The key point is that the agent is not initially told which other agents are identical to it. So your suggestion fails to work because if we replace "A()" with "eval(cooperate)" or "eval(defect)" then we end up proving things about how the agent A'() plays against a CooperateBot or a DefectBot. We conclude that A'() defects against both of these, and end up defecting ourselves.
Ok, modification:
def U():
box1 = 1000
box2 = (A_1() == 2) ? 0 : 1000000
return box2 + ((A_2() == 2) ? box1 : 0)
or
def U():
if(A_1() == 'C' and A_2() == 'C') return 2;
if(A_1() == 'D' and A_2() == 'C') return 3;
...
def A():
Forall i try to prove A()==A_i()
Let UX(X) be the function that results from the source of U() if all calls "A_i()", for which the system was able to prove A()==A_i() were changed to "eval(X)".
For some action p, prove that for any possible action q, UX("return q") <= UX("return p").
Return p.
What results should be equivalent to TDT, I think.

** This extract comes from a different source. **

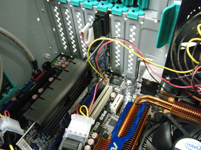 上から3つ目の黒いつまみを横にスライドさせた後, 上に持ち上げ, スロットのカバ ーをまず取り外します. そこにグラフィックボードを取り付け, つまみを元に戻して, 固定します.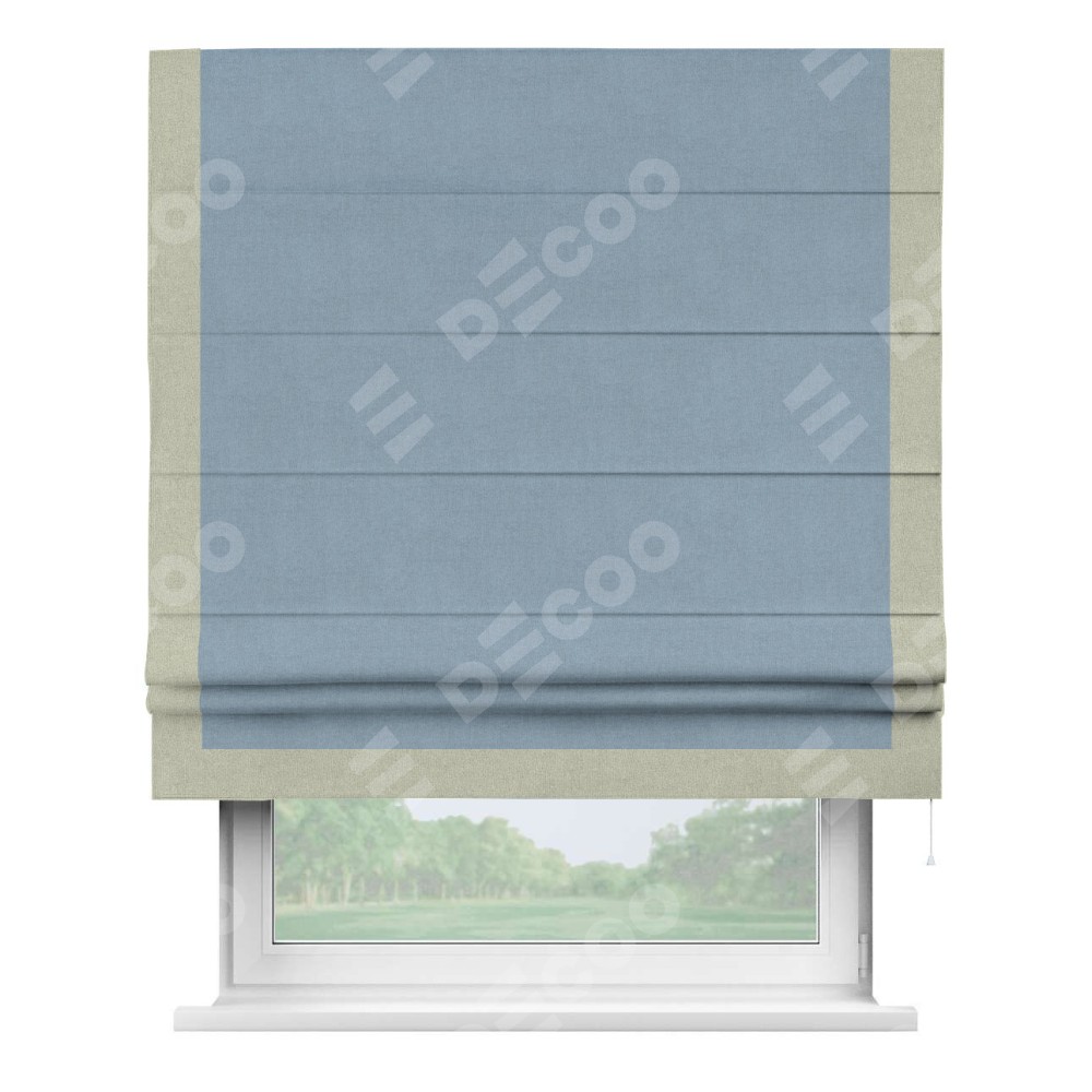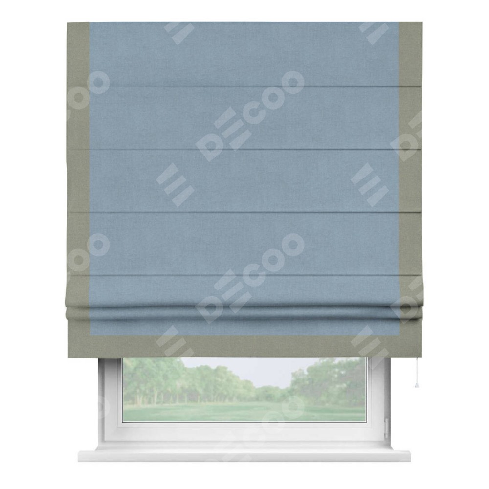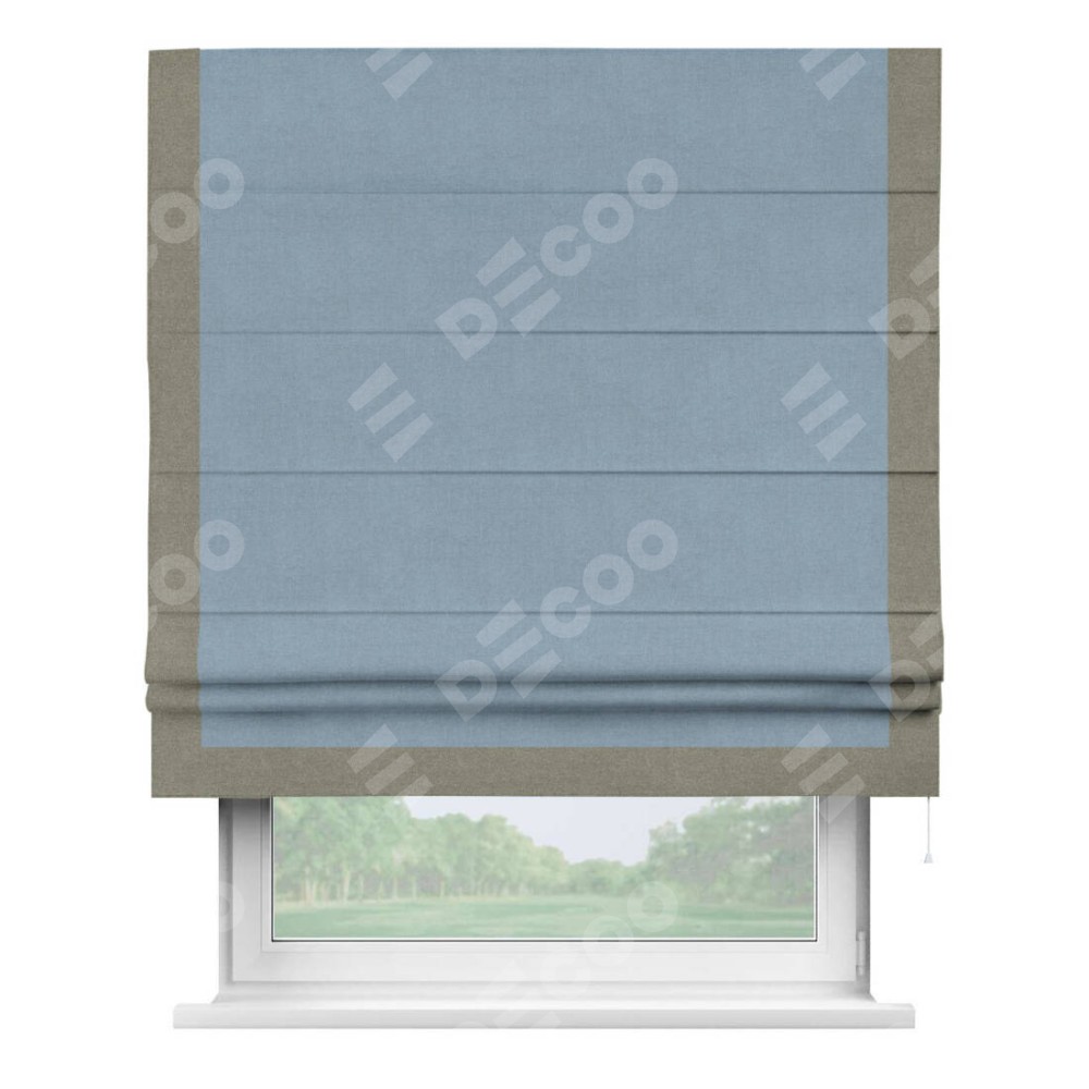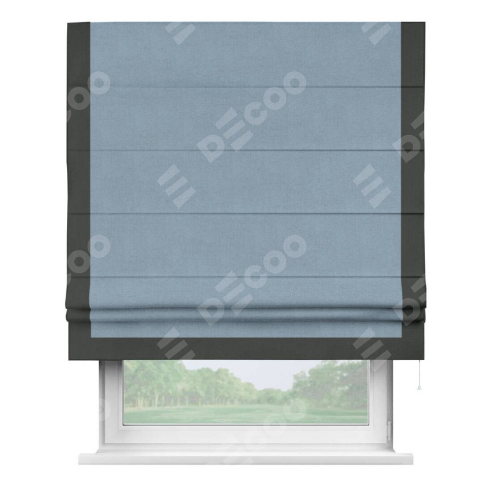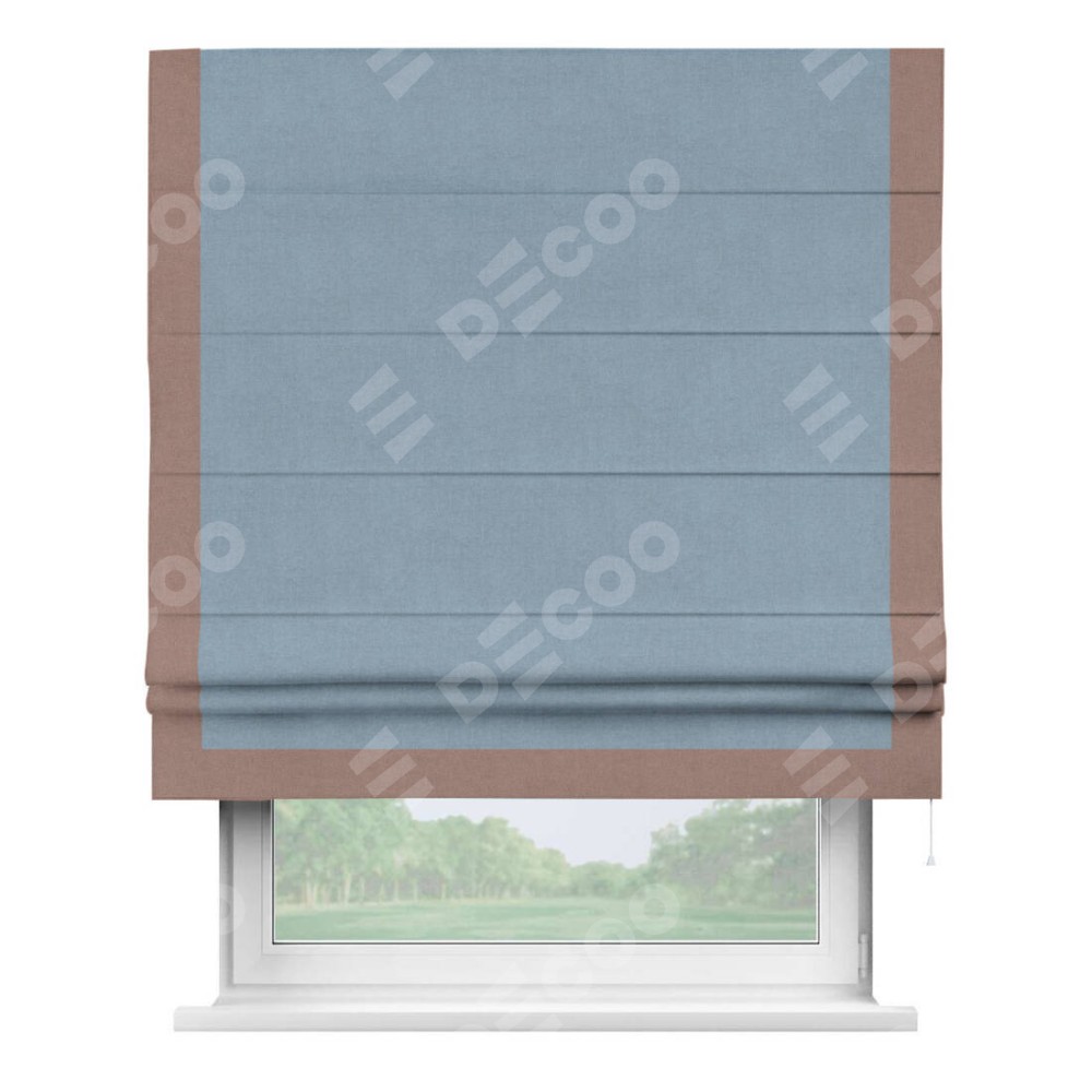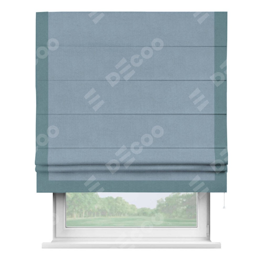 Римская штора «Кортин» с кантом Виктория, для проема, лён блэкаут голубой

If every step in that code is valid, then that would work. In my opinion the shakiest step in your algorithm is the "Forall i" in the first line of A(). I'll probably reason myself into a hole if I try to figure out whether or not it's valid.
Well, at least in some cases (e.g., if A's code is equal to A_i's code) the proof is immediate. Proof is also possible for minor obvious modifications, like variable renaming, so the agent should still behave better than a quining agent for PD.
My goal for inventing this is to have a consistent agent that can know (can prove) its decision beforehand, at least sometimes, without getting into contradictions...
No, it wouldn't defect against itself, because UX will call the same eval("return p") twice:
UX(X) = { return PDPayoffMatrix[eval(X), eval(X)]; }
The payoff with p=cooperate is greater, so the agent will cooperate.
EDIT: Sorry, that was all wrong, and missed your point. Thinking now...